[[ Data, beginning ]]

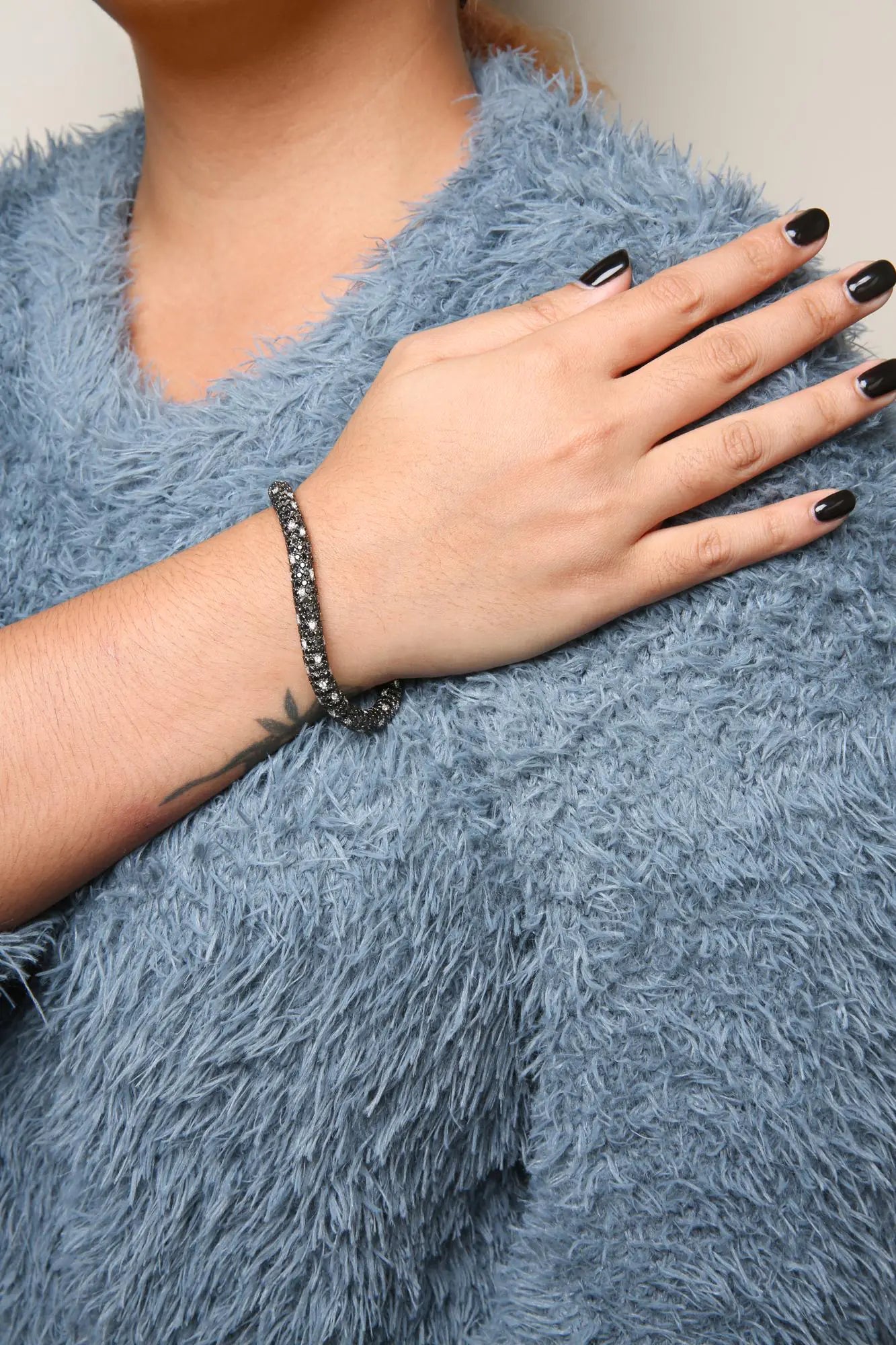 This luxury bracelet is breathtaking with over 840 total diamonds in a stunning array of colors to enrich your style and pair perfectly with any ensemble. Crafted of genuine 18k white gold, this link bracelet is covered in round heat-treated black diamonds and round white diamonds throughout the entire surface area, all of which are nestled in prong settings. This luxurious bracelet will slither around your wrist like a glistening serpent; when the occasion calls for a grand entrance, make yours in this ravishing diamond bracelet. This statement bracelet fastens with a very secure box clasp. It is 7 inches long, best for small and medium sized wrists. The allover diamonds total 20 cttw and are of an approximate Black and G-H Color with SI1-SI2 Clarity.
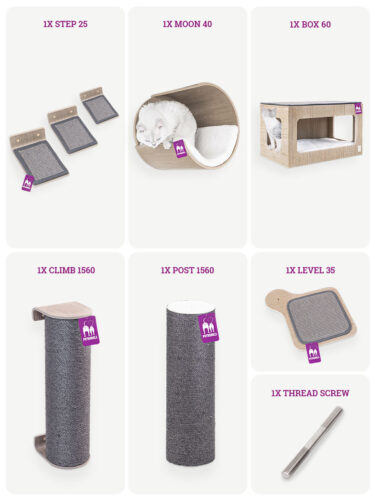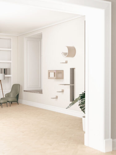 Berücksichtigen Sie dabei die Größe und Kletterfähigkeit Ihrer Katze(n). Haben Sie kleine Katzen oder haben sie Schwierigkeiten beim Klettern? Wenn ja, hängen Sie die Teile eng zusammen. Haben Sie große, energiegeladene Katzen? Dann sollten Sie die Teile weiter auseinander hängen.
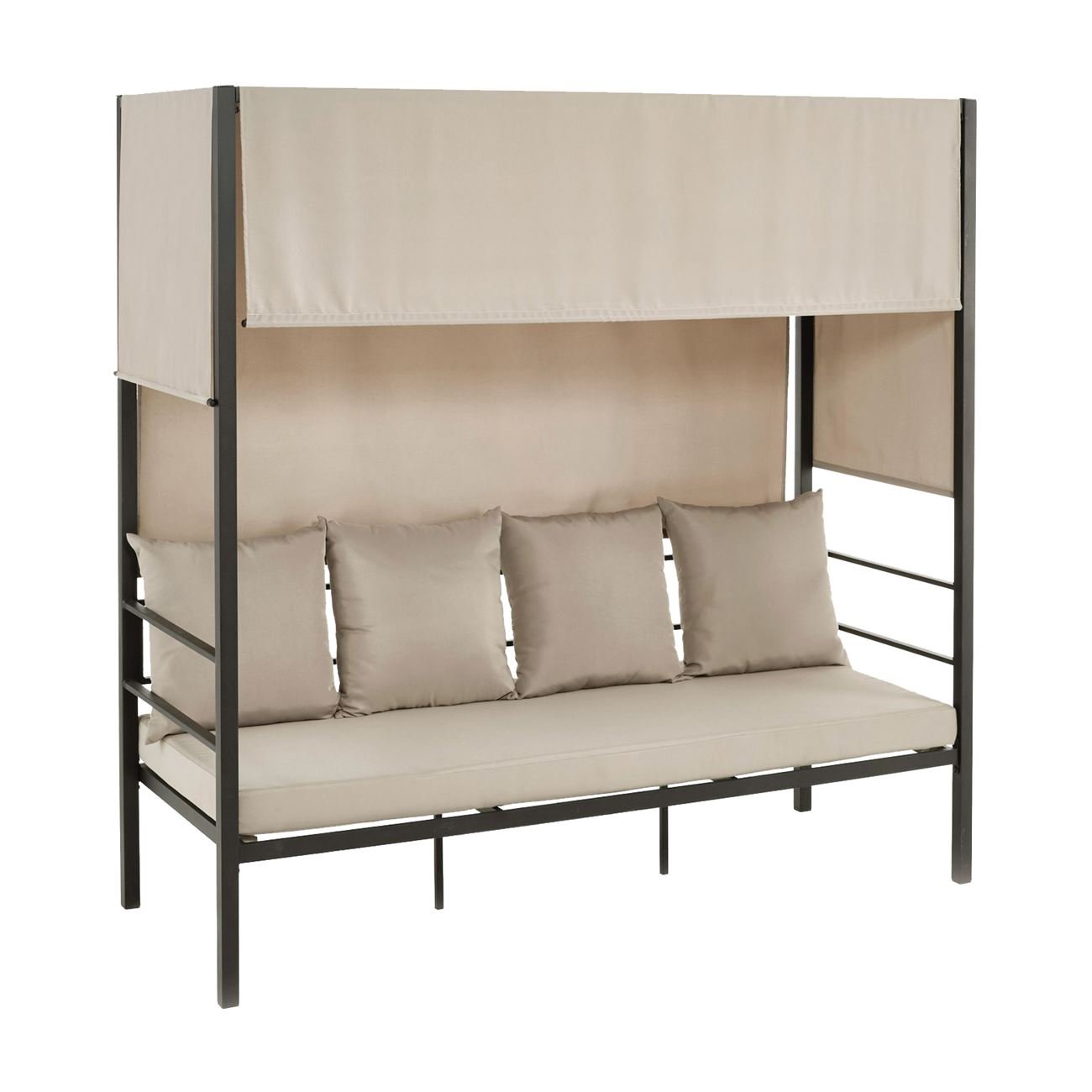 SKY Καναπές – Κρεβάτι Κήπου Εξωτερικού Χώρου, Μέταλλο Βαφή Ανθρακί, Ύφασμα Εκρού

[[ Data, end ]]

• Task brief
Every word of the material above should be copied exactly; no pictures.

• Task solution
 This luxury bracelet is breathtaking with over 840 total diamonds in a stunning array of colors to enrich your style and pair perfectly with any ensemble. Crafted of genuine 18k white gold, this link bracelet is covered in round heat-treated black diamonds and round white diamonds throughout the entire surface area, all of which are nestled in prong settings. This luxurious bracelet will slither around your wrist like a glistening serpent; when the occasion calls for a grand entrance, make yours in this ravishing diamond bracelet. This statement bracelet fastens with a very secure box clasp. It is 7 inches long, best for small and medium sized wrists. The allover diamonds total 20 cttw and are of an approximate Black and G-H Color with SI1-SI2 Clarity.
 Berücksichtigen Sie dabei die Größe und Kletterfähigkeit Ihrer Katze(n). Haben Sie kleine Katzen oder haben sie Schwierigkeiten beim Klettern? Wenn ja, hängen Sie die Teile eng zusammen. Haben Sie große, energiegeladene Katzen? Dann sollten Sie die Teile weiter auseinander hängen.
 SKY Καναπές – Κρεβάτι Κήπου Εξωτερικού Χώρου, Μέταλλο Βαφή Ανθρακί, Ύφασμα Εκρού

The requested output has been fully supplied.